Instrumenting and having a checked model of the entire memory hierarchy is big. Robert O’Callahan, our big brain in New Zealand, did his own debugger based on the Valgrind framework, which efficiently logs every instruction so he can re-create the entire program state at any point. It’s not just a time-traveling debugger. It’s a full database so you see a data structure and there’s a field with a scrogged value and you can say, “Who wrote to that last?” and you get the full stack. You can reason from effects back to causes. Which is the whole game in debugging. So it’s very slow. It’s like a hundred times slower than real time, but there’s hope.
Or you can use one of these faster recording VMs—they checkpoint only at system call and I/O boundaries. They can re-create corrupt program states at any boundary but to go in between those is harder. But if you use that you can probably close in quickly at near real time and then once you get to that stage you can transfer it into Rob’s Chronomancer and run it much slower and get all the program states and find the bug.
Debugging technology has been sadly underresearched. That’s another example where there’s a big gulf between industry and academia: the academics are doing proofs, sometimes by hand, more and more mechanized thanks to the POPLmark challenge and things like that.

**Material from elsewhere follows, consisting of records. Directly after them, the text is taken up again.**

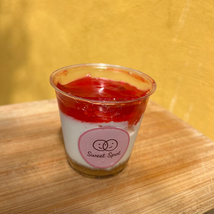 Postre frío con base de galleta de vainilla y mantequilla, crema tipo cheesecake y cubierta de coulis de fresa.
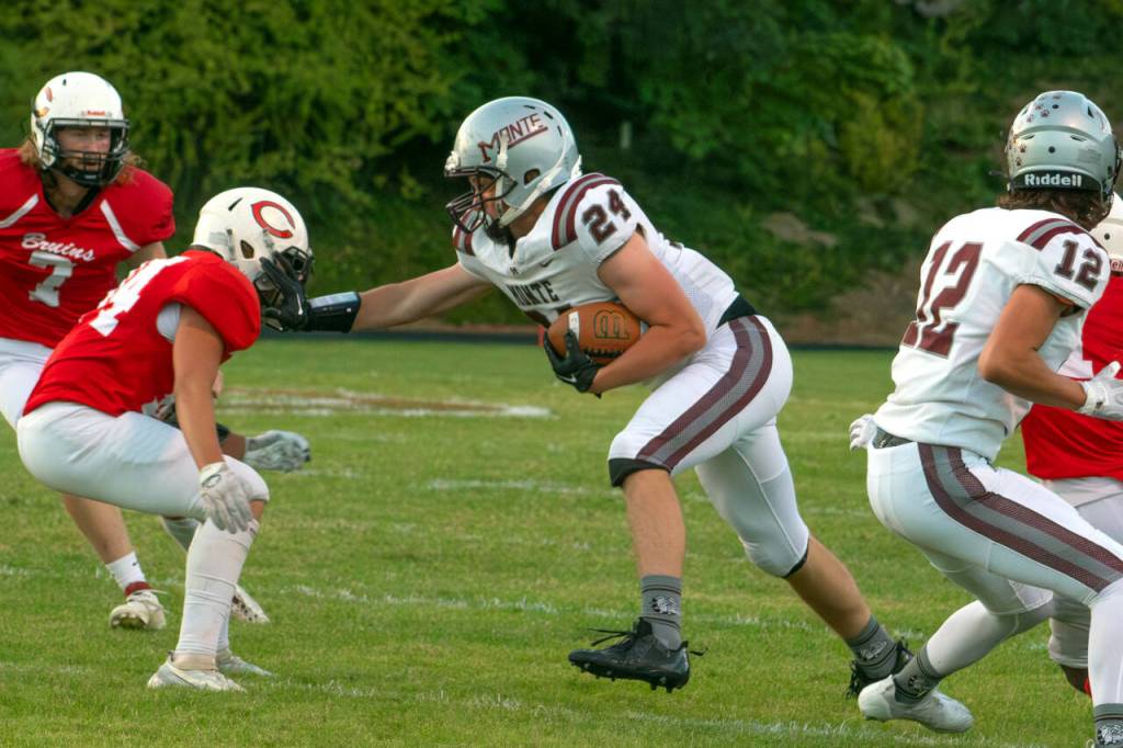 Rushing leaders: M – Bodwell 18-193, Wilson 11-109, Perry 6-56.
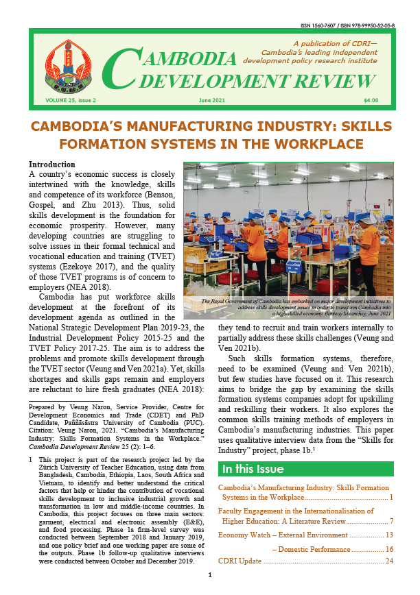 Cambodia’s Manufacturing Industry: Skills Formation Systems in the Workplace
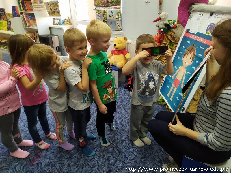 We wtorek Asy brały udział w zajęciach czytelniczych w Bibliotece dla Dzieci i Młodzieży. Tematem zajęć było „Moje ciało”. Za pomocą zabaw oraz z wykorzystaniem książek i encyklopedii Asy aktywnie poszerzały swoje słownictwo dotyczące ciała i wyglądu. Dzieci ćwiczyły równowagę i szybkość. Miały też okazję zobaczyć budowę ciała człowieka "od środka", za pomocą specjalnych okularów, co spodobało im się najbardziej.
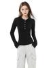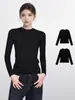 Camiseta feminina estilo americano, manga comprida, ombro preto, início da primavera de 2025, nova camisa de base interna justa e quente, top curto
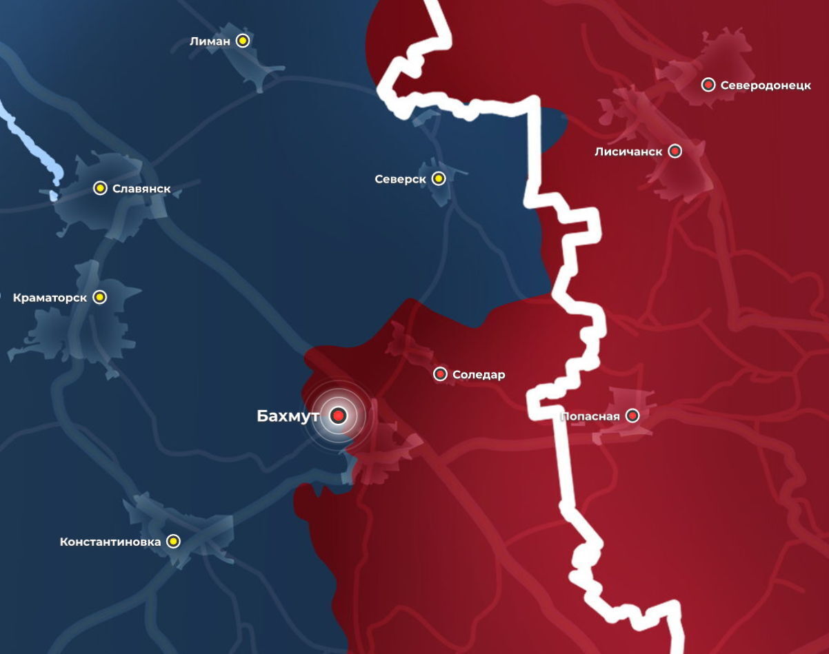 Карта mash.ru. Бахмут взят, как и Соледар ранее. Однако, Константиновка, Дружковка, Часов Яр и Северск, которые также россияне пытались взять в 2022-23 гг., остаются под контролем Украины, а Славянск и Краматорск практически являются тылом.

But in the real world we’re all in debuggers and they’re pieces of shit from the ’70s like GDB.
Seibeclass="underline" In the real world one big split is between people who use symbolic debuggers and people who use print statements.
Eich: Yeah. So I use GDB, and I’m glad GDB, at least on the Mac, has a watch-point facility that mostly works. So I can watch an address and I can catch it changing from good bits to bad bits. That’s pretty helpful. Otherwise I’m using printfs to bisect. Once I get close enough usually I can just try things inside GDB or use some amount of command scripting. But it’s incredibly weak. The scripting language itself is weak. I think Van Jacobson added loops and I don’t even know if those made it into the real GDB, past the FSF hall monitors.